## RECORDED INFORMATION
########

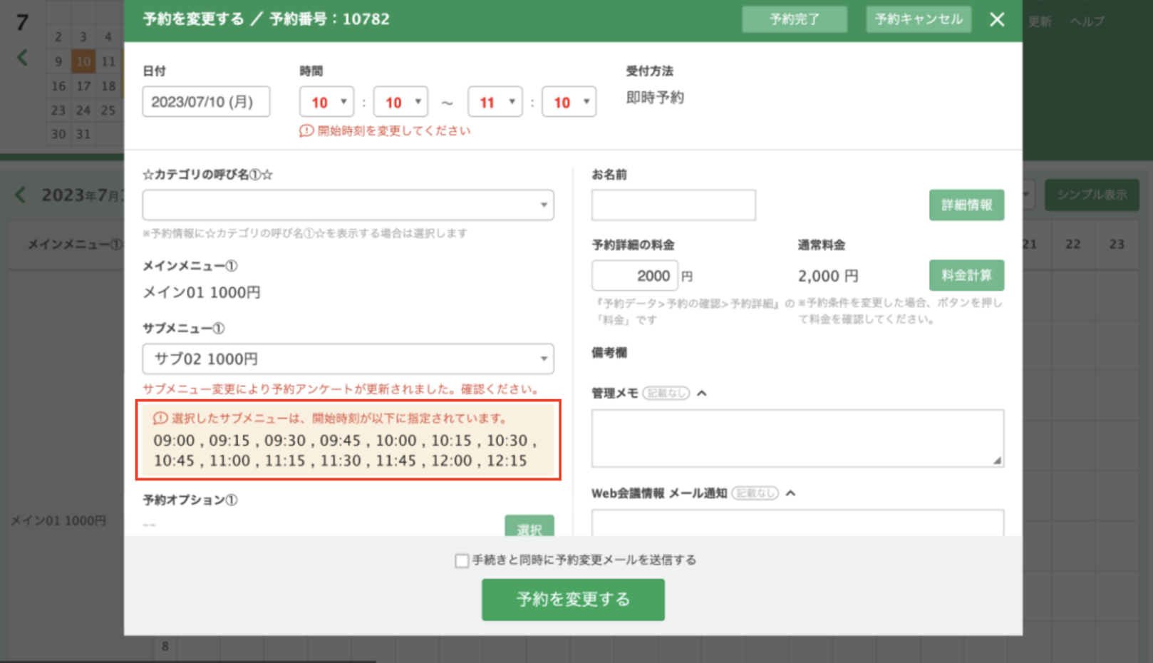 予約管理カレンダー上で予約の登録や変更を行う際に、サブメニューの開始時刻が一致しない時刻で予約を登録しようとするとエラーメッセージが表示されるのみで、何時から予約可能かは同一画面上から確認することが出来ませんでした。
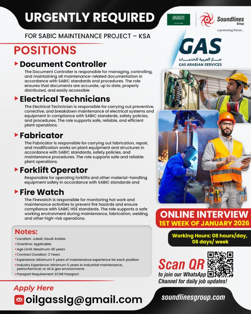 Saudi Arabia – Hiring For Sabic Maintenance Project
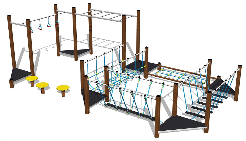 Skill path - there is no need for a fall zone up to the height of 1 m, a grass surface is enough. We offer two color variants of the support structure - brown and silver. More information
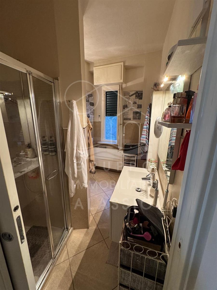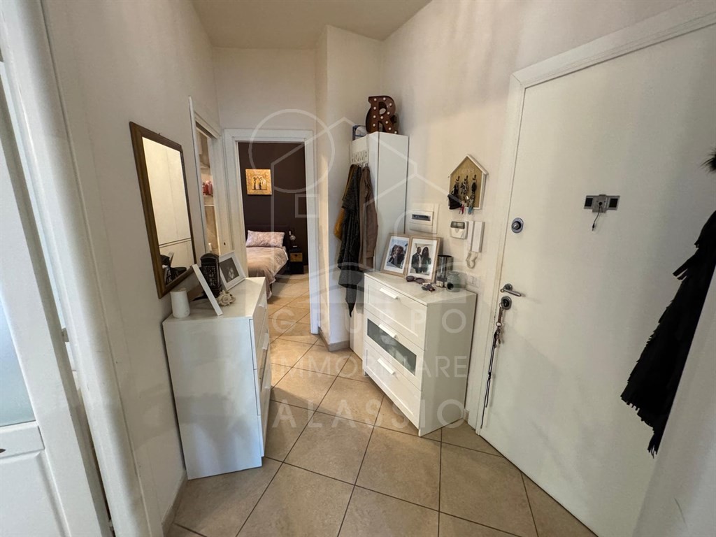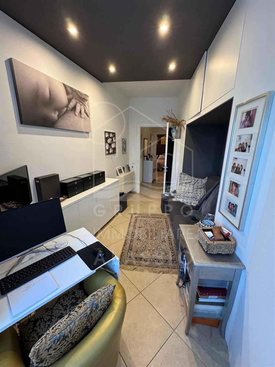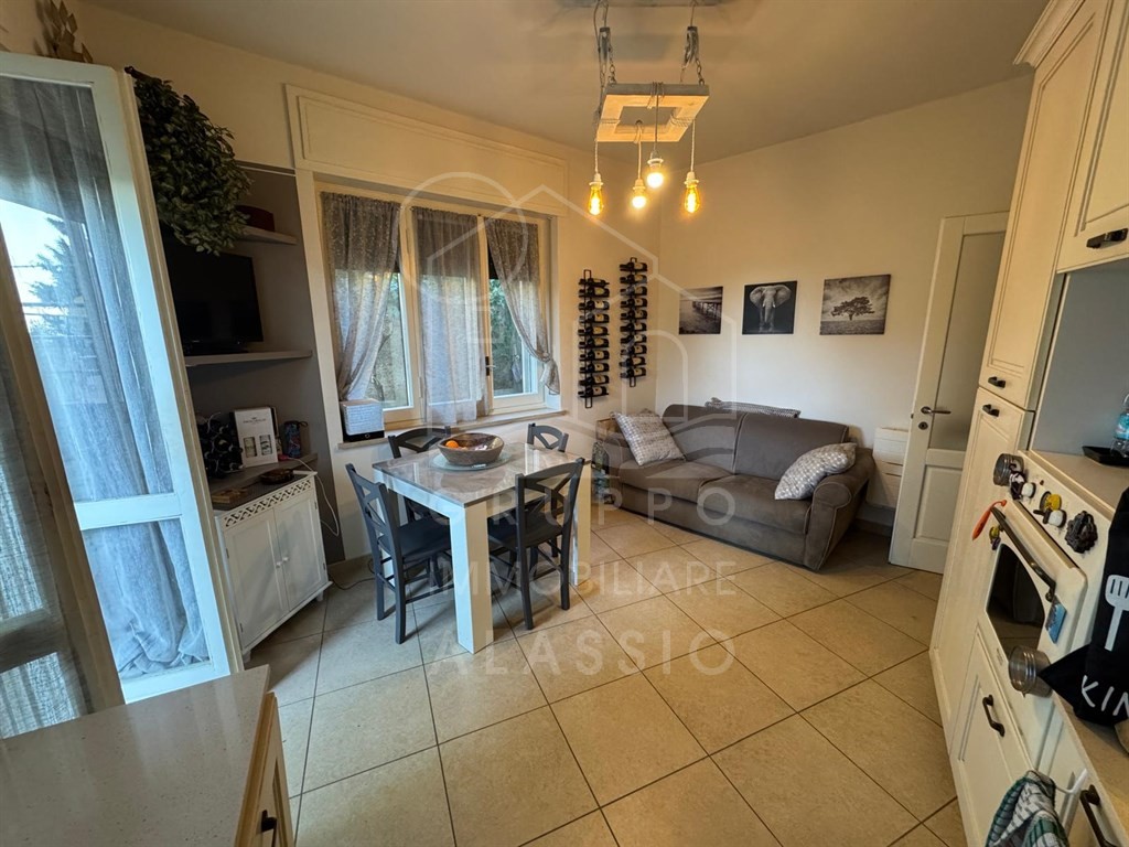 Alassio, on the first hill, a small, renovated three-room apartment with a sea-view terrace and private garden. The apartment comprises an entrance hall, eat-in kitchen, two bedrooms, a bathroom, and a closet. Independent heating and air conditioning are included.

########

## WHAT TO WORK ON
An exact, picture-free copy of the listing above is the goal; write it out now.

## RESPONSE TO THE TASK
 予約管理カレンダー上で予約の登録や変更を行う際に、サブメニューの開始時刻が一致しない時刻で予約を登録しようとするとエラーメッセージが表示されるのみで、何時から予約可能かは同一画面上から確認することが出来ませんでした。
 Saudi Arabia – Hiring For Sabic Maintenance Project
 Skill path - there is no need for a fall zone up to the height of 1 m, a grass surface is enough. We offer two color variants of the support structure - brown and silver. More information
 Alassio, on the first hill, a small, renovated three-room apartment with a sea-view terrace and private garden. The apartment comprises an entrance hall, eat-in kitchen, two bedrooms, a bathroom, and a closet. Independent heating and air conditioning are included.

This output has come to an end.